What you should do>
Emit the data below verbatim, stripping out any pictures.

Supplied data>
Segment Open

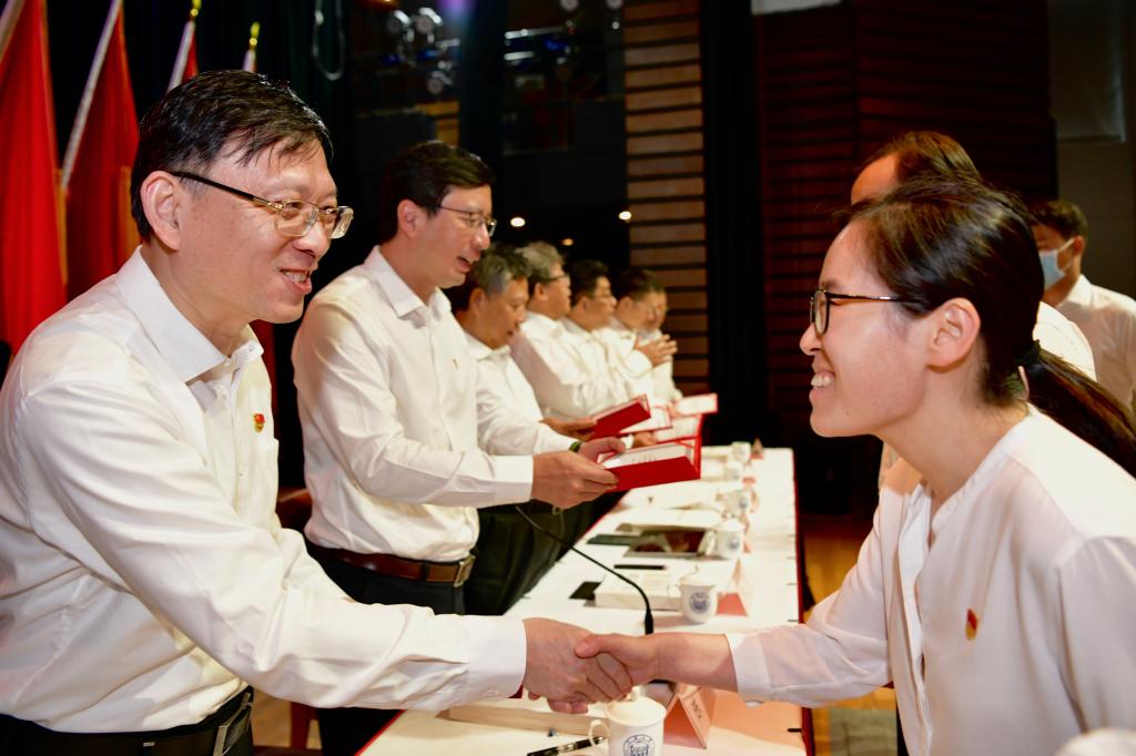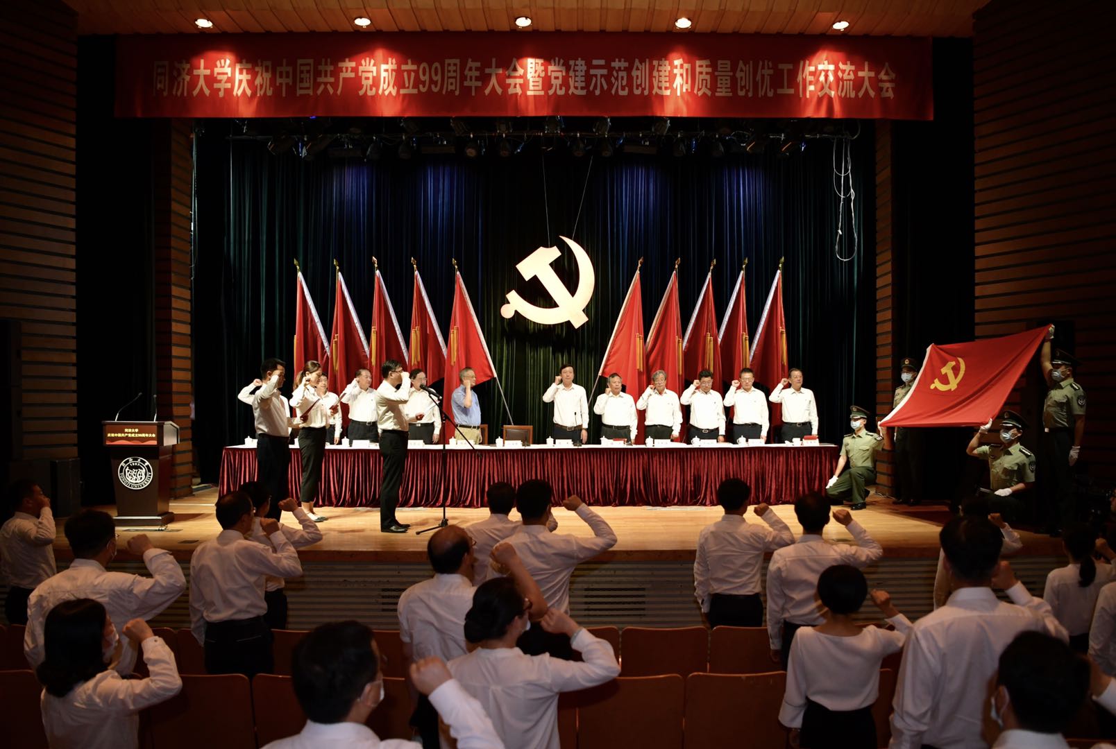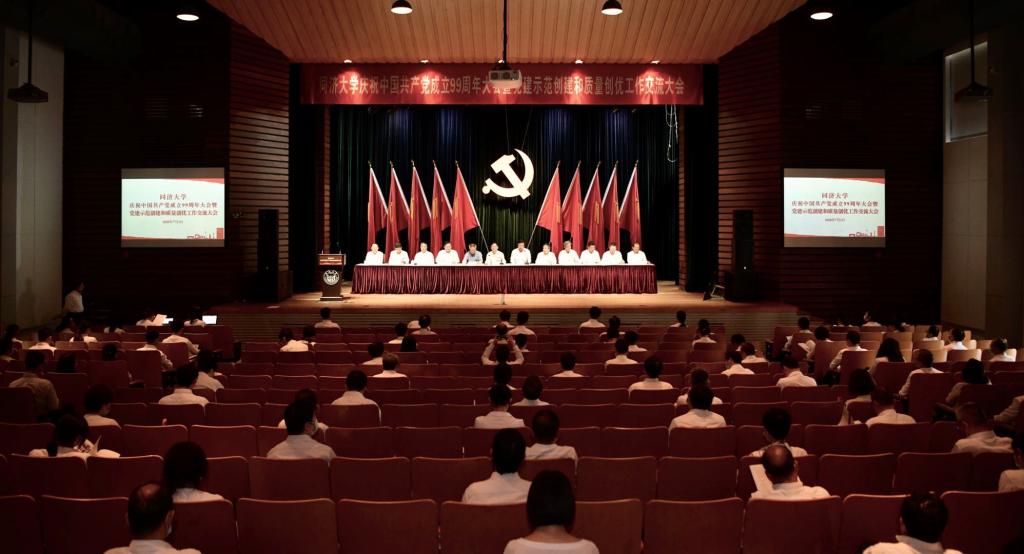 2020年7月1日下午,同济大学庆祝中国共产党成立99周年大会暨党建示范创建和质量创优工作交流大会在一·二九礼堂举行,校领导方守恩、陈杰、伍江、蒋昌俊、吴志强、徐建平、吕培明、吴广明、方平、冯身洪、雷星晖,教育部党建联络员、原上海财经大学党委副书记刘永章,校党委委员、纪委委员、党口职能部门负责人、二级党组织书记、受表彰对象、学校部分第十一次党代会党代表、教工党支部书记代表以及组织员代表等200余人参加大会,其他师生党支部书记及委员通过学校流媒体平台线上参会。大会由校党委副书记、校长陈杰主持。
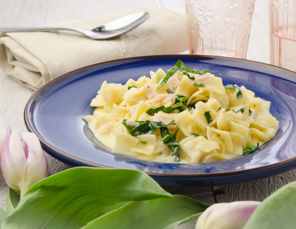 - Geselchtes und Bärlauch mit der Eimasse verrühren, in eine tiefe Pfanne geben und etwas einkochen lassen. Nun noch die Fleckerln unterrühren.
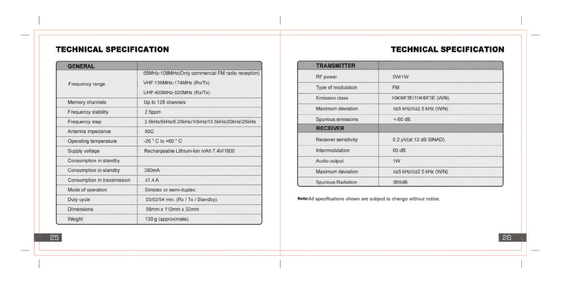 Baofeng UV82 - Technical Specifications: General; General Specifications; Technical Specifications: Transmitter; Transmitter Specifications
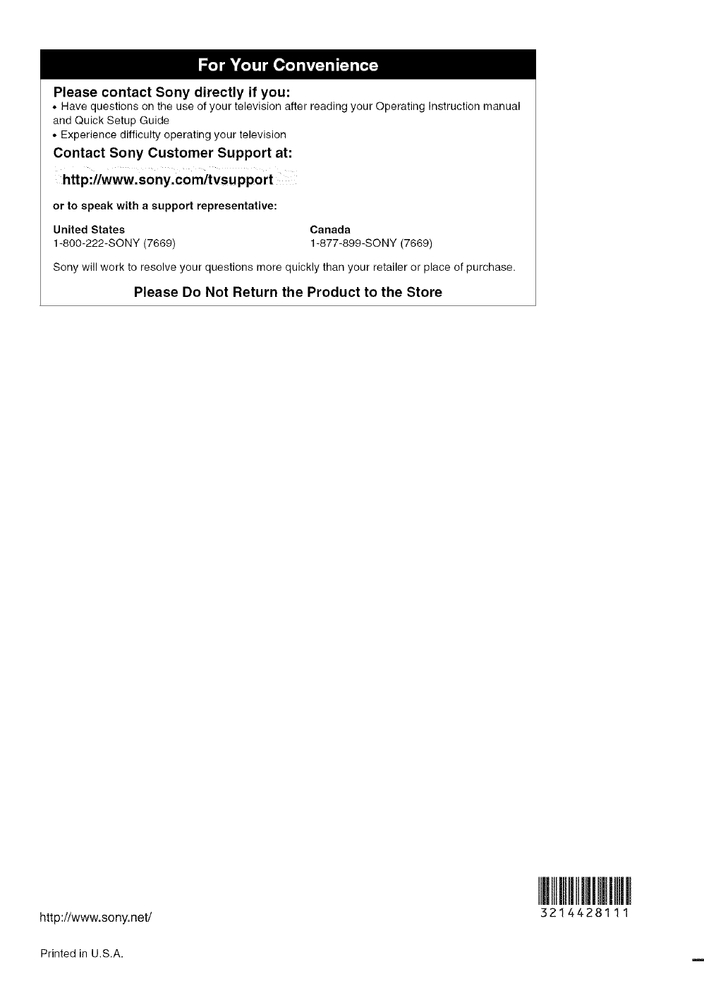 1-800-222-SONY (7669) 1-877-899-SONY (7669)

Segment Closed

Exercise solution>
 2020年7月1日下午,同济大学庆祝中国共产党成立99周年大会暨党建示范创建和质量创优工作交流大会在一·二九礼堂举行,校领导方守恩、陈杰、伍江、蒋昌俊、吴志强、徐建平、吕培明、吴广明、方平、冯身洪、雷星晖,教育部党建联络员、原上海财经大学党委副书记刘永章,校党委委员、纪委委员、党口职能部门负责人、二级党组织书记、受表彰对象、学校部分第十一次党代会党代表、教工党支部书记代表以及组织员代表等200余人参加大会,其他师生党支部书记及委员通过学校流媒体平台线上参会。大会由校党委副书记、校长陈杰主持。
 - Geselchtes und Bärlauch mit der Eimasse verrühren, in eine tiefe Pfanne geben und etwas einkochen lassen. Nun noch die Fleckerln unterrühren.
 Baofeng UV82 - Technical Specifications: General; General Specifications; Technical Specifications: Transmitter; Transmitter Specifications
 1-800-222-SONY (7669) 1-877-899-SONY (7669)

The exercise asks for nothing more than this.